Armodafinil is currently FDA-approved to treat excessive daytime sleepiness associated with obstructive sleep apnea, narcolepsy, and shift work disorder. It is commonly used off-label to treat attention deficit hyperactivity disorder, chronic fatigue syndrome, and major depressive disorder. It has been shown to improve vigilance in air traffic controllers.
Armodafinil is approved by the U.S. FDA for the treatment of narcolepsy and shift work sleep disorder, and as an adjuvant therapy for obstructive sleep apnea. For narcolepsy and obstructive sleep apnea, armodafinil is taken as a once daily 150 mg or 250 mg dose in the morning. For shift work sleep disorder, 150 mg of armodafinil are taken one hour prior to starting work. Slow dose titration is needed to mitigate some side effects.
Possible side effects also include depression, anxiety, hallucinations, euphoria, extreme increase in activity and talking, anorexia, tremor, thirst, rash, suicidal thoughts, and aggression.
Symptoms of an overdose on armodafinil include trouble sleeping, restlessness, confusion, disorientation, feeling excited, mania, hallucinations, nausea, diarrhea, severely increased or decreased heart beat, chest pain, and increased blood pressure.
The mechanism of action of armodafinil is unknown. Armodafinil (R-(−)-modafinil) has pharmacological properties almost identical to those of modafinil (a mixture of R-(−)- and (S)-(+)-modafinil). The (R)- and (S)-enantiomers have similar pharmacological action in animals. Armodafinil has wake-promoting actions similar to sympathomimetic agents including amphetamine and methylphenidate, although its pharmacologic profile is not identical to that of the sympathomimetic amines. Armodafinil is an indirect dopamine receptor agonist; it binds in vitro to the dopamine transporter (DAT) and inhibits dopamine reuptake. For modafinil, this activity has been associated in vivo with increased extracellular dopamine levels. In genetically engineered mice lacking the dopamine transporter, modafinil lacked wake-promoting activity, suggesting that this activity was DAT-dependent. However, the wake-promoting effects of modafinil, unlike those of amphetamine, were not antagonized by the dopamine receptor antagonist haloperidol in rats. In addition, alpha-methyl-p-tyrosine, an inhibitor of dopamine synthesis, blocks the action of amphetamine but does not block locomotor activity induced by modafinil.
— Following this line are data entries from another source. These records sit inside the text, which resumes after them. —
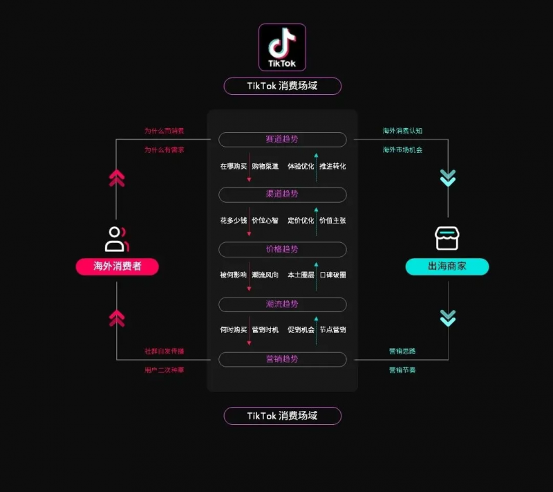 打开白皮书,可以发现报告的研究思路是围绕着“双循环价值体系”展开的。这一价值体系以 TikTok 消费场域为核心,通过赛道、渠道、价格、潮流、营销这五大趋势,将海外消费者与出海商家直接关联。
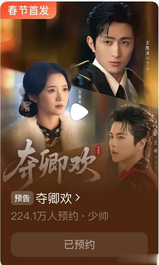 目前《夺卿欢》在红果的预约量已经突破224万,可谓是未播先火!
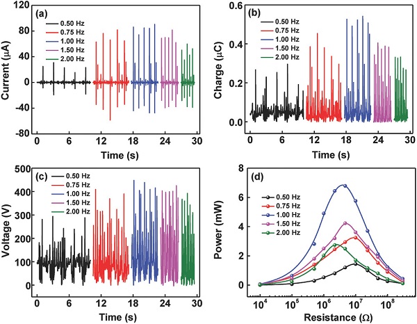 在不同水波频率下,含五个基本单元的球形发电机的a)输出电流,b)转移电荷,c)输出电压,d)输出功率。
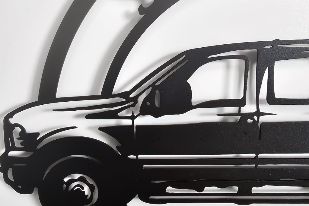 After purchase your order goes through our cutting process where it is designed, programmed, then precisely cut by our top of the line Craftsens fiber lasers. Me then make sure the metal is properly cleaned & cut before going to the next step. Now that the sign has been cut, cleaned it can now go through our powder coating system where your sign is hung and ran though our automated powder line so your sign comes out looking perfect.
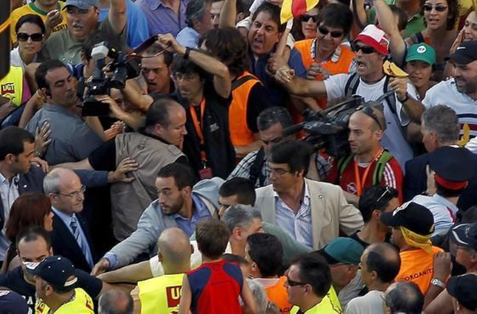 Sólo se ha podido apreciar, además del incidente de Montilla, como un manifestante y el secretario general de CiU, Josep Antoni Duran Lleida, se han encarado unos segundos, sin más consecuencias.
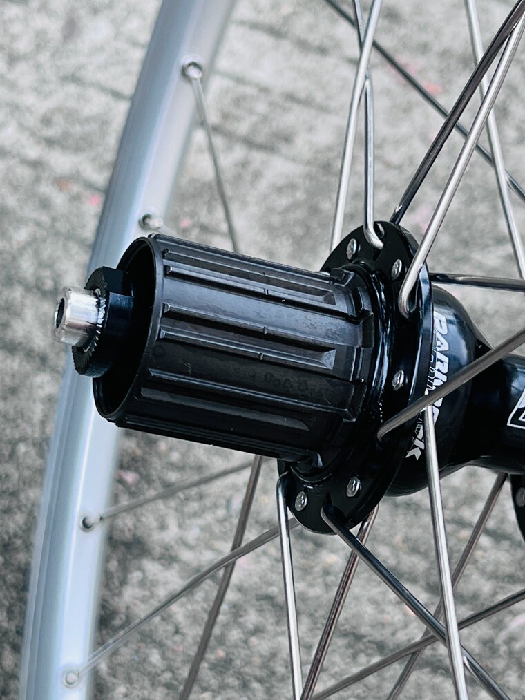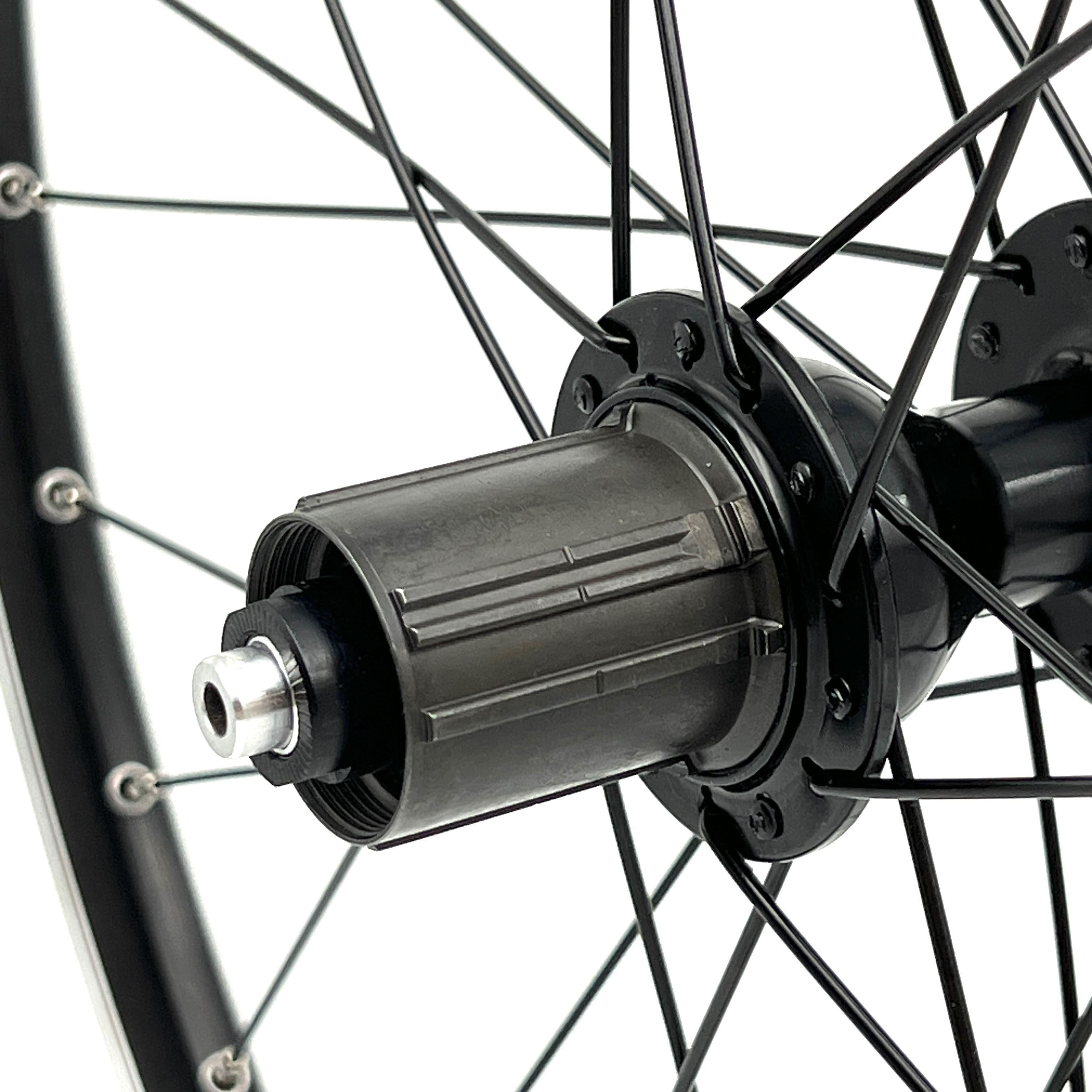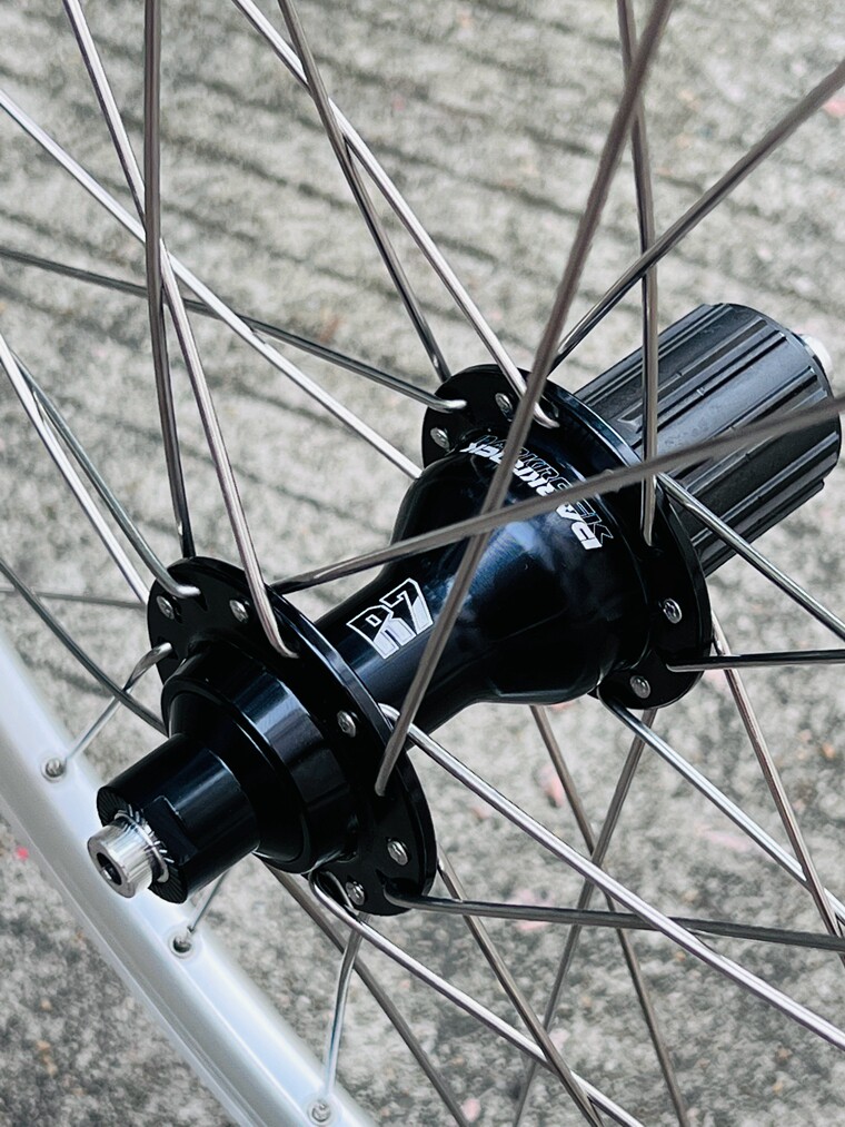 - Черное колесо, серебряная велосипедная втулка, черные велосипедные спицы
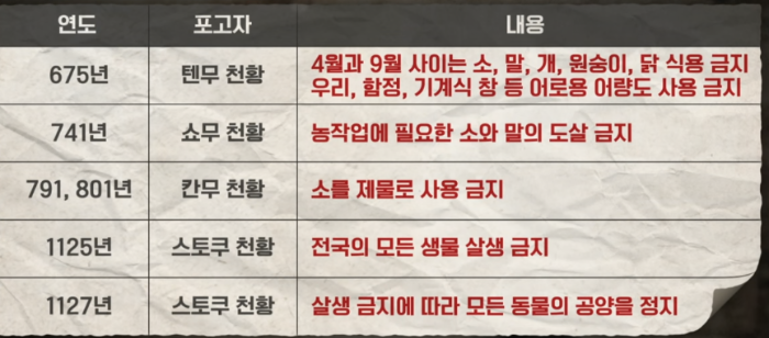 673년 일본이라는 나라 이름과 천황이라는 명칭을 만들고 일본 역사상 최초로 강력한 전제 권력을 행사했던 텐무 천황이 등장하게 된다. 텐무 천황은 국교인 불교 교리를 내세우게 된다. 불교의 핵심 가치인 살생 금지 사상을 실천을 위해 백성들에게 육식 금지령을 발표한다.
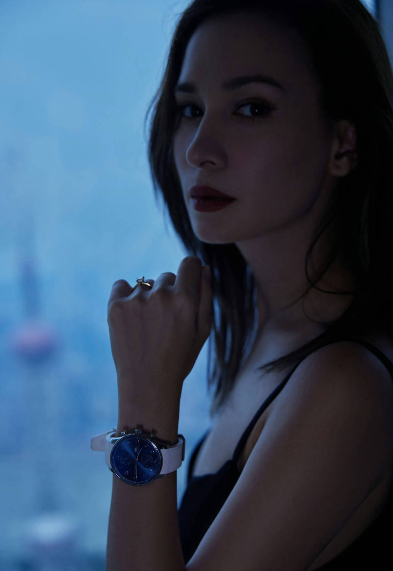 盧靖姍發(fā)絲飛揚(yáng),肌膚光滑。

In addition to its wake-promoting effects and ability to increase locomotor activity in animals, according to Nuvigil prescribing information from manufacturer Cephalon, armodafinil produces psychoactive and euphoric effects, alterations in mood, perception, thinking, and feelings typical of other central nervous system (CNS) stimulants in humans. Armodafinil, like racemic modafinil, may also possess reinforcing properties, as evidenced by its self-administration in monkeys previously trained to administer cocaine; armodafinil was also partially discriminated as stimulant-like. A Cephalon-founded study in which patients were administered modafinil, methylphenidate, and a placebo found that modafinil produces "psychoactive and euphoric effects and feelings consistent with [methylphenidate].
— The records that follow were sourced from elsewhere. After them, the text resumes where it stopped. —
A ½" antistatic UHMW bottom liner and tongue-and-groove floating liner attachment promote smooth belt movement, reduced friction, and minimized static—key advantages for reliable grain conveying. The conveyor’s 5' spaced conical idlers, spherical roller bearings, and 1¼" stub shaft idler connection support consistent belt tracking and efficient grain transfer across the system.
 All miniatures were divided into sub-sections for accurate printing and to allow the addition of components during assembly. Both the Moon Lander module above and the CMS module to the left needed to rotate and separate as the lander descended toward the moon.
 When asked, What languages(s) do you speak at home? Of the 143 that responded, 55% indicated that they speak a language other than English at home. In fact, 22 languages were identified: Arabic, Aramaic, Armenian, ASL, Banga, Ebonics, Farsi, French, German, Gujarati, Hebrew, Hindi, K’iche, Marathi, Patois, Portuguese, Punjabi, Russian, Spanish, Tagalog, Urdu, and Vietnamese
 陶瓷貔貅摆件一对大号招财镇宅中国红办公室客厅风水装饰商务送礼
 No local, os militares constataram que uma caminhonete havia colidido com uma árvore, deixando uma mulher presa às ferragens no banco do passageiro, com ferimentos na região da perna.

Armodafinil exhibits linear time-independent kinetics following single and multiple oral dose administration. Increase in systemic exposure is proportional over the dose range of 50–400 mg. No time-dependent change in kinetics was observed through 12 weeks of dosing. Apparent steady state for armodafinil was reached within 7 days of dosing. At steady state, the systemic exposure for armodafinil is 1.8 times the exposure observed after a single dose. The concentration-time profiles of the (R)-(−)-enantiomer following a single dose of 50 mg Nuvigil or 100 mg Provigil (modafinil being a 1:1 mixture of (R)-(−)- and (S)-(−)- enantiomers) are nearly superimposable. However, the Cmax of armodafinil at steady state was 37% higher following administration of 200 mg Nuvigil than the corresponding value of modafinil following administration of 200 mg Provigil due to the more rapid clearance of the (S)-(+)-enantiomer.
Armodafinil is readily absorbed after oral administration. The absolute oral bioavailability was not determined due to the aqueous insolubility of armodafinil, which precluded intravenousadministration. Peak plasma concentrations are attained at approximately 2 hours in the fasted state. Food effect on the overall bioavailability of armodafinil is considered minimal; however, time to reach peak concentration may be delayed 2–4 hours in the fed state. Since the delay in Tmax is also associated with elevated plasma concentration later in time, food can potentially affect the onset and time course of pharmacologic action of armodafinil.